I have not definitively been able to determine if there were laws on the books of the US or of England, between years 1600-1800, that restricted "free men" from working in any profession that they were competent for such positions.
Laws restricting who could be an attorney, even if they could pass the Bar exam of the time (which were oral analysis to measure their understanding), are the most sought after, but other professions outside of farming are highly desired as well (Blacksmiths, Bakers, Barbers, Hat makers, shoemakers, etc...).
I clarify "free men" since at the time slaves, women, and when children would be given to a "Master" to learn certain skill sets for a determined number of years, couldn't make their own decision. I'm also not inquiring into positions of governmental officials.

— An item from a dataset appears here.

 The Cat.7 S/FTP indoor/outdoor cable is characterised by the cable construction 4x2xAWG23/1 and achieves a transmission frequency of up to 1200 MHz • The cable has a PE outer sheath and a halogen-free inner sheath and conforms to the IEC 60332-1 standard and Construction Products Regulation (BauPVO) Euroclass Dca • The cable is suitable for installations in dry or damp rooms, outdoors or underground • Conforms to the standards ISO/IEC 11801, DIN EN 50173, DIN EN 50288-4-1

They were typically locally restriced in a mastership fee ( towns (town citizenships, property ownership, credit, but again, with differences between cities and periods ... ), guild memberships (although this also needs closer inspection as it varied, and the decline during early modern period, and of course between different occupations and regulations pertaining to specialised activities, with finished apprenticeship or otherwise qualified and demonstrated competences ), and of course product restrictions ( not technically work, but patents and monopolies on products might substantially hinder one´s ability to work, like, trivially, Stationers’ Company monopoly in printing even into the eighteenth century ).

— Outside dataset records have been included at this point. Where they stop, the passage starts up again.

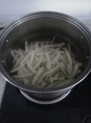 烧开一锅水,把切好的西瓜皮洗干净后放进沸水焯一下,立即捞出。
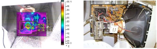CRT是使用陰極射線管的顯示設備(包括電視機、顯示器等),目前在市場上占有較大份額。利用熱像儀對阻尼電阻、電子槍、偏轉(zhuǎn)線圈、高壓包等部位溫度場檢測,可以提高CRT產(chǎn)品質(zhì)量,具有傳統(tǒng)檢測方式無法比擬的優(yōu)勢。
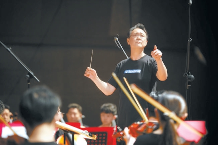 指挥家谭利华指挥北京交响乐团。本报记者 方非摄

With all of those taken into account, mastership quotas as such were typically absent in Britain by themselves ( and some other territories, like France etc. ), which seems to be the question here. Yet not to be confused with apprenticeship quotas, which still happened.
In terms of legal profession, the issue is likewise nuanced, the shifting differences and requirements between attorneys, solicitors and barristers throughout early modern period, their respective relation to the bar and jurisdiction, without going into details here.^(1) Local courts in this respect were notably different in early modern period ( as to the Westminster courts in general ), as attorneyships were a subject of local town governing bodies, and were sometimes increasingly prohibited or limited that attorneys of local courts should practice law at Westminster so as to serve local needs, Ipswich being one example. As to the matter of appointment, Canterbury in 1656 (p.42) specified that only the local clerk, recorder and attorney has the privilege to instruct for eligibility of attorneyship, other towns ( and other similiar jurisdictions ) were quite similar in these basic regards, so these provincial offices and activities have substantially different criteria than "higher" courts of London and Inns. One example (p.45) has it that attorney of Common Pleas was not allowed to represent a client in a manorial courts in 1686, and after adjuornment the case was dropped. Point being that in early modern period there was no single and universal qualification to practice within different jurisdictions ( as both a matter of territory and different kinds of courts, whose recognition was needed ).